Ad Widget

Collapse

MySQL server has gone away

Collapse
X
 
  • Time
  • Show
Clear All
new posts
  • befortin
    Member
    • Jul 2005
    • 48

    #1

    MySQL server has gone away

    Hi,

    My Zabbix server service dies sometimes (maybe 1 or 2 times each day, I ain't sure). I get the following error in the zabbix server's log :

    004881:20060629:074714 Query::select hostid from hosts where host='swinfs'
    004881:20060629:074714 Query failed:MySQL server has gone away [2006]
    004589:20060629:074714 One server process died. Shutting down...
    004589:20060629:074714 ZABBIX server is down.
  • dantheman
    Senior Member
    • May 2006
    • 209

    #2
    I had this problem and someone suggested using myisamchk and see if the database was corrupt, in my case it was.. after repairing that, now I'm not having that problem anymore.

    Comment

    • befortin
      Member
      • Jul 2005
      • 48

      #3
      I've made a crontab to restart the service if it's down. I just found out that the process dies everyday at the same time exactly :

      Wed Jul 12 07:48:01 EDT 2006
      Wed Jul 12 07:49:01 EDT 2006
      Thu Jul 13 07:48:01 EDT 2006
      Fri Jul 14 07:48:01 EDT 2006

      Could it be because of the housekeeper, since I think it runs one time a day?

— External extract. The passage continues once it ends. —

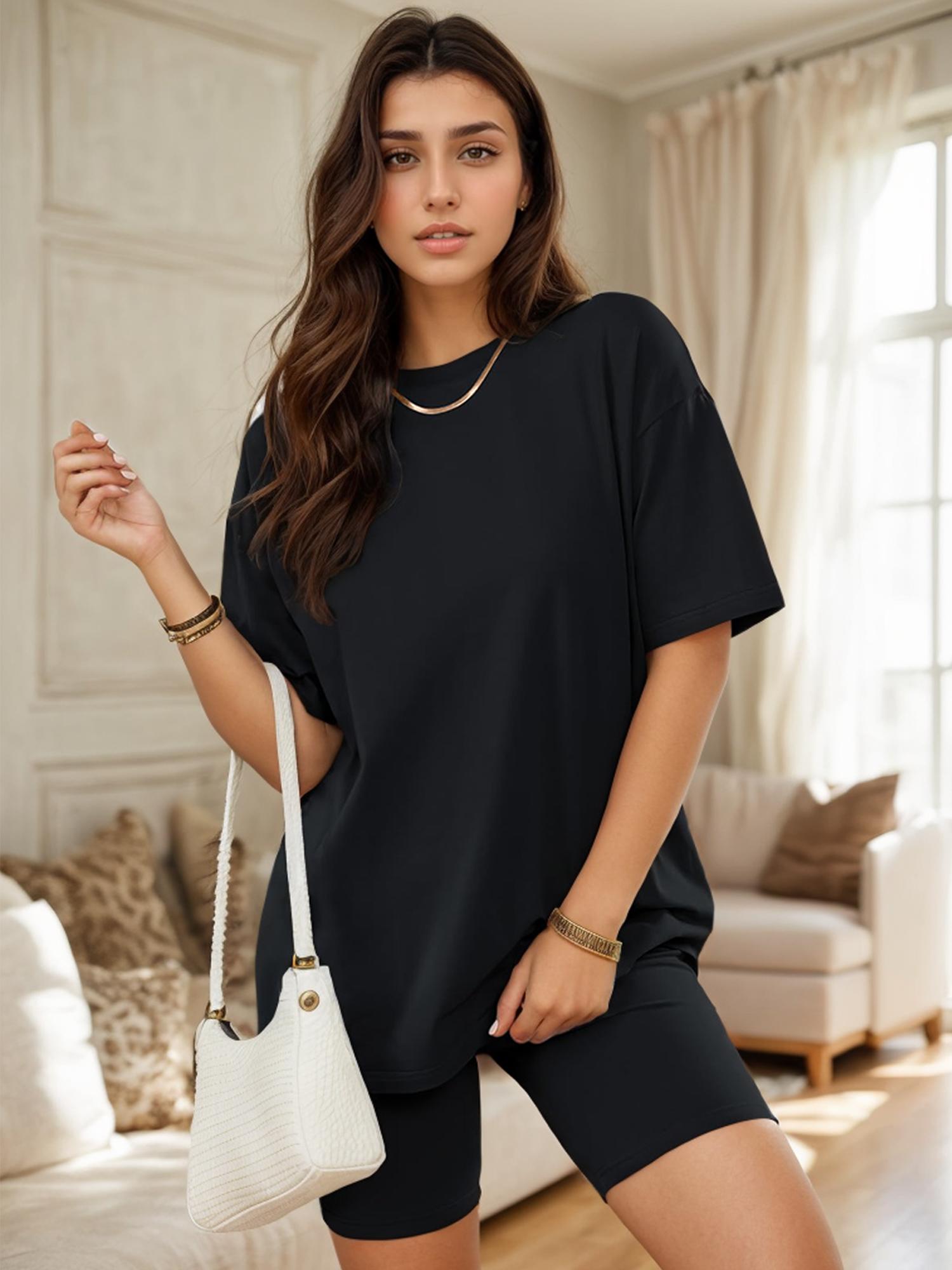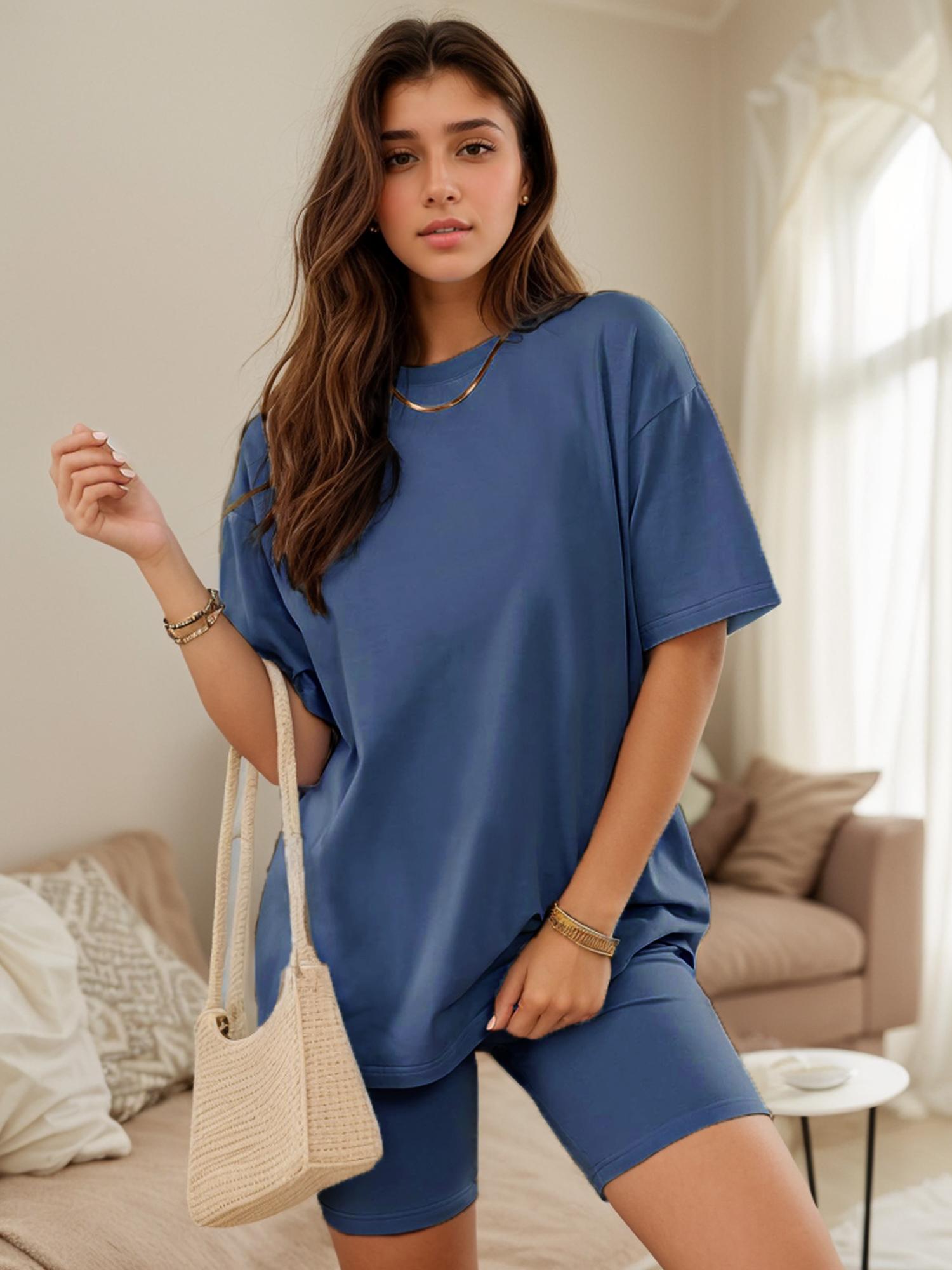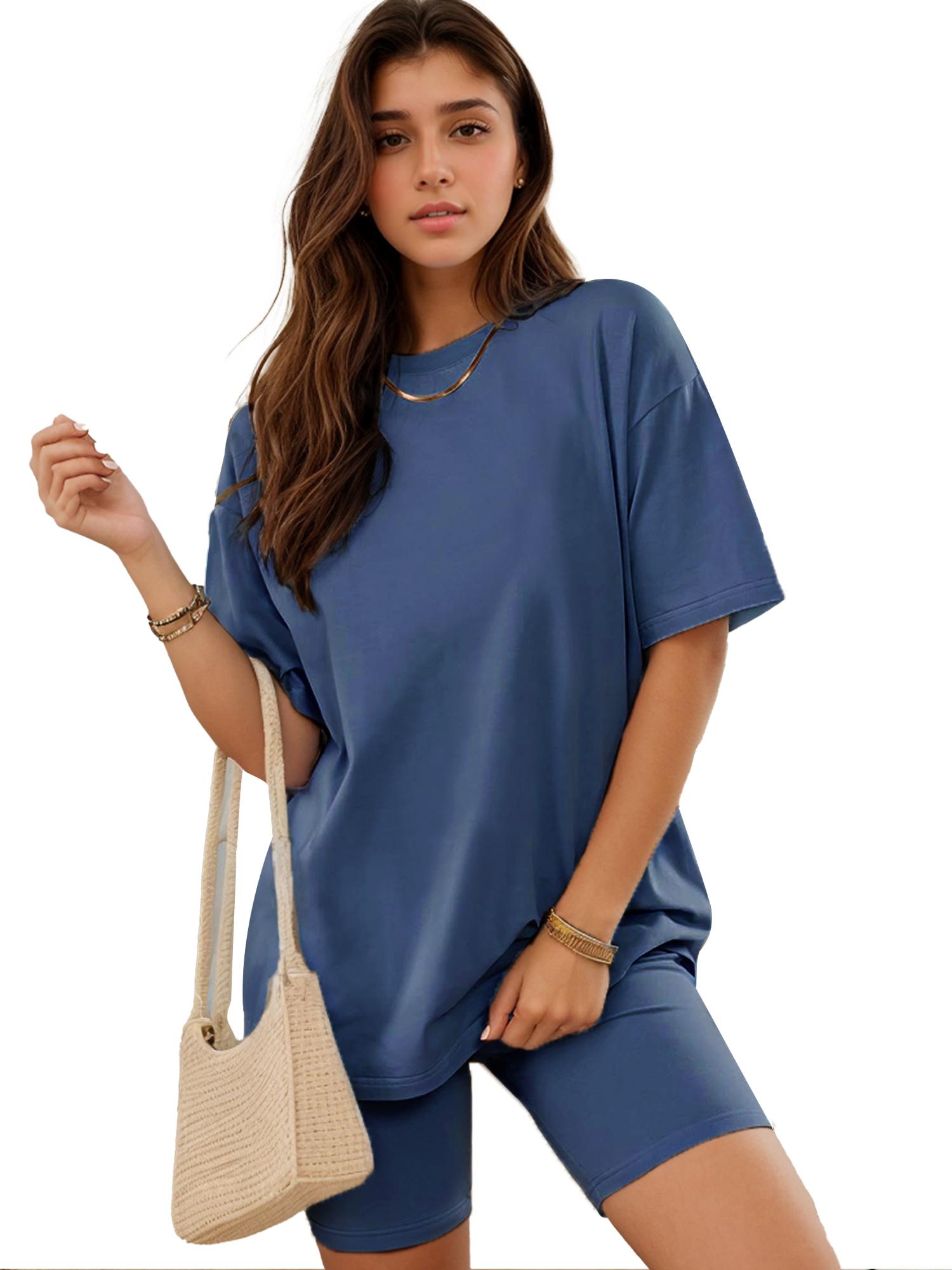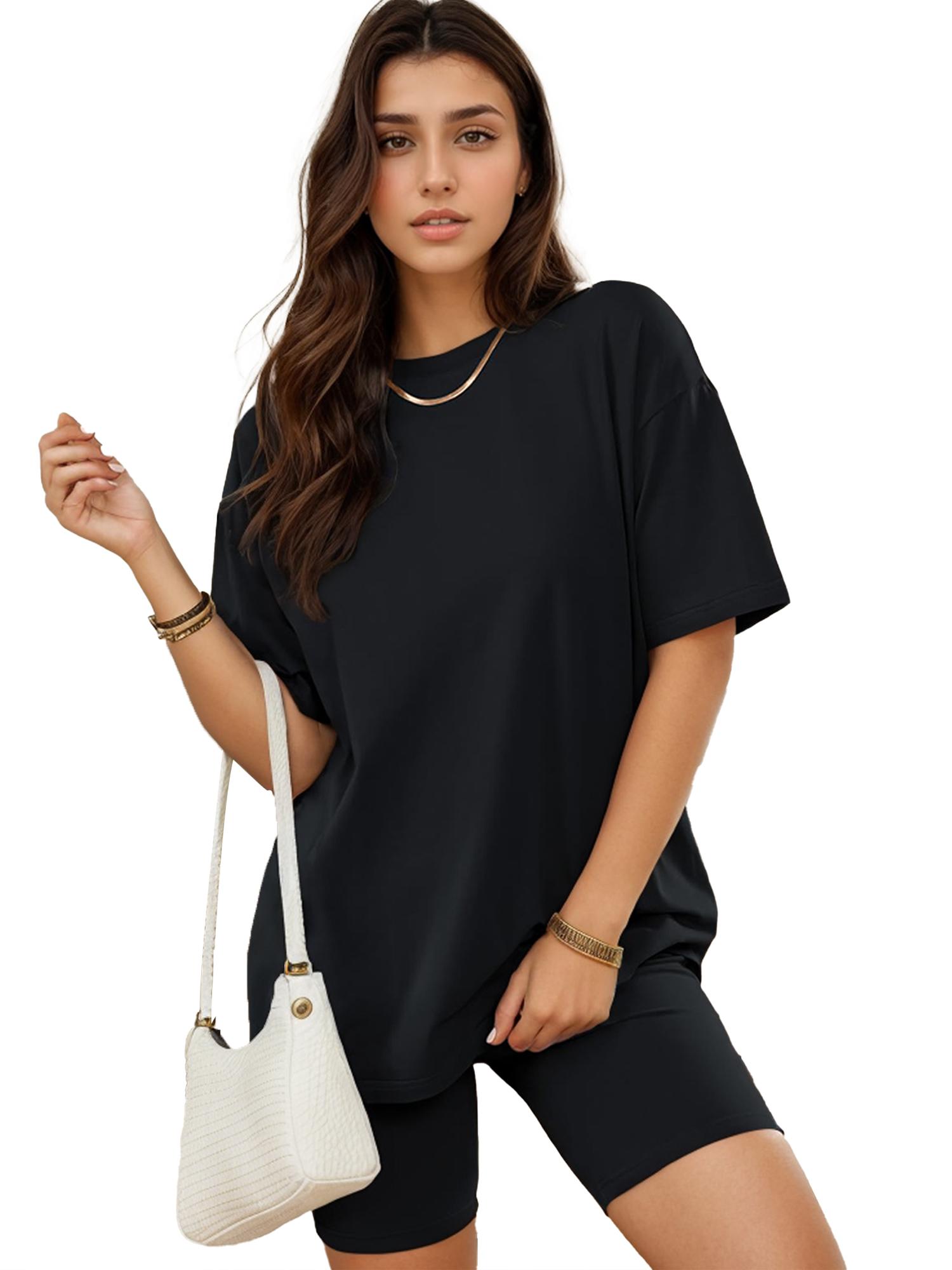 Crewneck, solid color, oversized short sleeve t-shirt, and high-waisted biker shorts for a flattering fit.

      dantheman : the myisamchk wasn't working with the files of the database... So I have done a "check table blablabla extended", on a MySQL prompt, for each table.

      Comment

      • befortin
        Member
        • Jul 2005
        • 48

        #4
        Never mind, this aint caused by the housekeeper, since it runs each 8 hours on my zabbix server...

        So any guess what could cause zabbix_server to crash each 24h00 precisely?

        Comment

        • dantheman
          Senior Member
          • May 2006
          • 209

          #5
          Do you have any checks that are set to run once every 24 hours?

          Comment

          • schneck
            Member
            • May 2006
            • 62

            #6
            Database!

            Originally posted by befortin
            So any guess what could cause zabbix_server to crash each 24h00 precisely?
            It's (probably) not ZABBIX which is crashing, but MySQL (which is usually being restarted by the mysqld_* shell scripts automatically, use ps(1) to check the startup time of your mysqld)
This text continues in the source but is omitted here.